If you’re pulled over for suspicion of operating while under the influence (OUI), the officer will take a variety of steps to determine if you’ve consumed too much alcohol to operate a motor vehicle.
In addition to field sobriety tests, the officer may ask you to submit to a Breathalyzer test. This is designed to provide your blood alcohol content level. From there, the officer can decide if it’s over or under the legal limit.
Are Breathalyzer results always accurate?
While police want you to believe that Breathalyzer results are always accurate, nothing could be further from the truth. In fact, it’s a good idea to fight the results in court, as you may be able to prove that they were inaccurate.
Here are some things to consider:
- Calibration and maintenance are a must: With proper calibration and maintenance, there’s a greater chance of a Breathalyzer test returning improper results. The authorities must be able to prove that they have calibrated and maintained the equipment per basic guidelines.
- Certification: Did you know that some police officers may not be certified to use a particular Breathalyzer device? In this case, they may not administer it appropriately, which can result in an inaccurate reading.
- The officer must consider the condition of the subject: For example, if you’re burping or vomiting, there’s no way to get an accurate reading.
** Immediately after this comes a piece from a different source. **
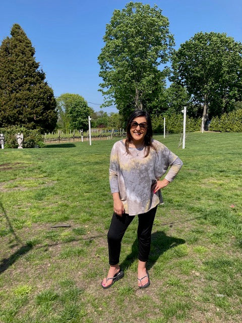 This tie-dye terry baggy top is a great addition to your casual wardrobe and it's On Sale!! It has a boxy fit with a rounded neckline. We are loving this top, had to buy one for myself! It is sooo comfy! Fabric: 63% Polyester, 34% Rayon, 3% Spandex

- The Breathalyzer test must capture two measurable readings: The officer can’t take one reading and move on. They must take two readings, which must be within .02 of each other.
If you took a Breathalyzer test that resulted in your arrest, take mental notes regarding the process. Should you believe that the officer acted in an inappropriate manner, share that information with your legal team as you prepare for your day in court.
Don’t let anyone tell you that the results of a Breathalyzer test are always 100% accurate. There are many reasons why this isn’t true, and you may be able to make that part of your defense strategy.
Remember, an OUI arrest and formal charges don’t necessarily result in a conviction and associated penalties.